P2 – Clustering

This is one of the pre-defined project ideas you can choose for your project.

Clustering Wikipedia articles

Modify your clustering system from Assignment 2 to use Wikipedia articles (90 articles about Programming, 90 about Games). The dataset can be downloaded on the Datasets page.

To use the dataset for clustering, you need to select some words and calculate the frequency of these words in each Wikipedia article. It is not recommended to use all words from the articles since similarity calculations will then take a long time.
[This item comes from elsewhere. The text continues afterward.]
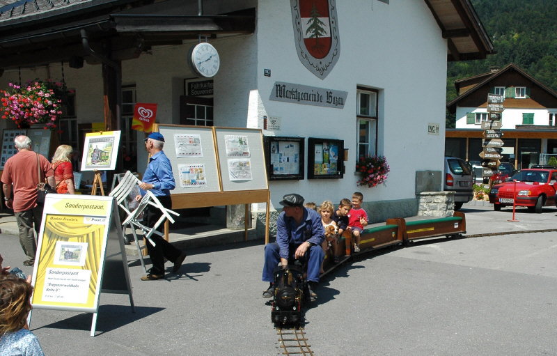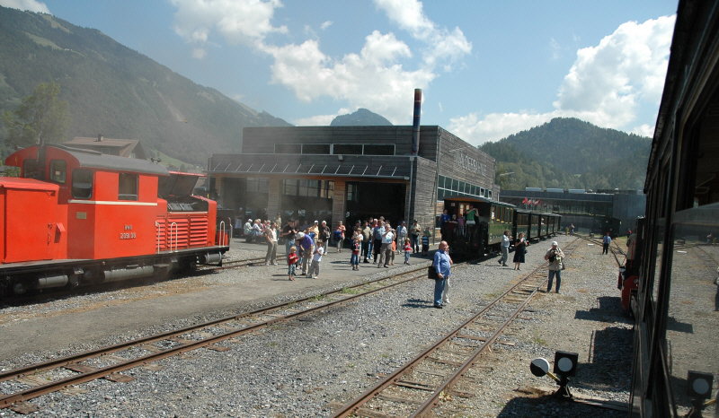Im Bahnhof Bezau waren verschiedene Loks ausgestellt und es fuhren den ganzen Tag verschiedene Sonderzüge nach Schwarzenbach und zurück.

You can, for example, use the following words:

language, programming, computer, software, hardware, data, player, online, system, development, machine, console, developer, design, history, technology, standard, information, article, example

The article Arcade_game would then have the following frequencies:

0;4;14;1;58;1;11;7;12;4;9;17;0;5;33;8;1;2;7;1

Grading

GradeRequirements
E
  • Read all articles about programming and games and convert each article to word frequencies using the word list above.
  • Perform k-means clustering on the 180 articles using two clusters.
  • Are the articles well separated into one cluster of gaming related articles and one cluster about programming?
C-D
  • Perform hierarchical clustering on the 180 articles.
  • Are articles about similar topics well separated into branches?
A-B
  • Generate your own word list of at least 100 words.
  • Repeat k-means and hierarchical clustering using the new word list.
  • Are the results better with the new word list?